R.C : Cela montre bien qu’il y a un vrai débat idéologique profond au sein de l’UMP. Entre ce que certains avaient appelé la « dérive droitière » de la campagne de Sarkozy et la « gêne » de la droite centriste, modérée, républicaine et traditionnelle, il y a vraiment un problème. L’UMP, c’est la conjonction de ces deux courants-là. Le résultat des motions montre bien que la stratégie de droitisation est vraiment suivie, semble-t-il, par une petite majorité, mais pas par tous. Il y a quand même une droite sociale, une droite humaniste qui existe. Quand Chirac et Juppé ont créé le parti en 2002, c’était ça l’idée : on fait rassembler, on fait coexister toutes ces droites. Cela reste le problème d’aujourd’hui, sauf que le ton a monté.

B : Le centre et le FN sont-ils susceptibles de se renforcer suite aux évènements ?
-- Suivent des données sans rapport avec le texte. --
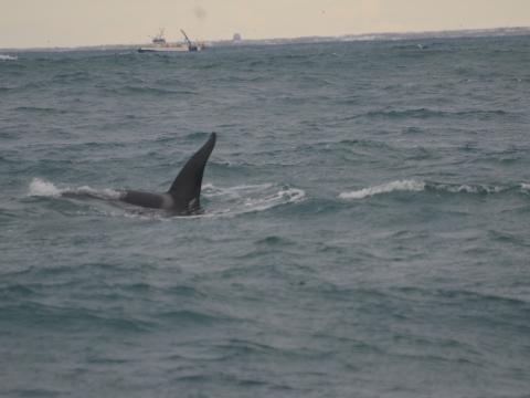 Report from Hafsúlan: we had some interesting wildlife sightings already in the harbour whilst waiting to go out. A falcon sat on one of the rocks observing us briefly and a common seal popped its head up! Out we went again but the humpbacks from the morning had gone off or at least we could not see them or their blows. We decided to try our luck more south and sailed first out to the west and then south down towards the most south-western point of Reykjanes Peninsula, called Reykjanestá. All along we saw fishing boats either leaving or returning to the capelin fishing grounds. Captain Gulli contacted M/S Jón Kjartansson and they said that they were seeing some whale blows around them. Then they were about four miles away. We were assessing the option of sailing out to them when some dorsal fins came towards us swimming at great speed; those were some 3-4 white-beaked dolphins. However, those guys had something far more important on their agenda than to entertain us as we only saw them 3-4 times and barely at that. We decided not to go offshore towards Jón Kjartansson but to search closer to the coast to get more shelter from the wind. This turned out to be a wise decision. As we got closer to Reykjanestá (the most south-western point) a dorsal fin larger than those of the dolphins caught our attention in some distance. This could be one thing and one thing only: Orcas! Yay! It was about 10 Orcas, quite dispersed and most likely the same group as was seen west of Grindavik yesterday, just on the other side of Reykjanestá! Perhaps as many as half of them were adult males. What an incredible finding this was. True, we didn't see any humpbacks, but when we explained to the passengers what a rare sighting Orcas are and how lucky they were, there seemed to be smile on every face. But even if they'd be a daily sighting, it would be impossible to get enough of the largest of the dolphins. Simply impossible.

R.C : Chaque fois qu’un parti a des problèmes graves, on dit que ce sont les partis autour qui vont en retirer les billes. Il faut bien savoir jouer le coup. Le Front national pointe le bout de son nez à chaque crise, mais celui qui a le plus beau coup à jouer, c’est Jean-Louis Borloo. Il a un nouveau parti, il a réussi à faire ce rassemblement du centre, sans Bayrou, mais il a rassemblé, et il a de bons sondages. On peut le considérer comme un type intéressant et l’UDI monte dans l’opinion publique. S’il joue bien le coup, il peut avoir une chance de récupérer une image de droite, centre-droit républicain, démocrate, humaniste et européen qui est mal représentée à l’UMP. Je ne pense pas que cela va faire beaucoup de transfuges chez les leaders. Il y a Pierre Méhaignerie, Jean Leonetti se pose la question… Mais chez les électeurs, si Borloo montre un certain allant, un certain brillant d’un parti qui paraît plus moderne, plus démocratique, il a un coup à jouer du côté de l’opinion.

B : L’UDI et le FN revendiquent déjà un afflux de nouveaux adhérents…

R.C : Moi aussi, j’ai plein d’amis qui ont adhéré dans ma boîte aux lettres. Ce sont des déclarations auxquelles il ne faut pas accorder le moindre intérêt.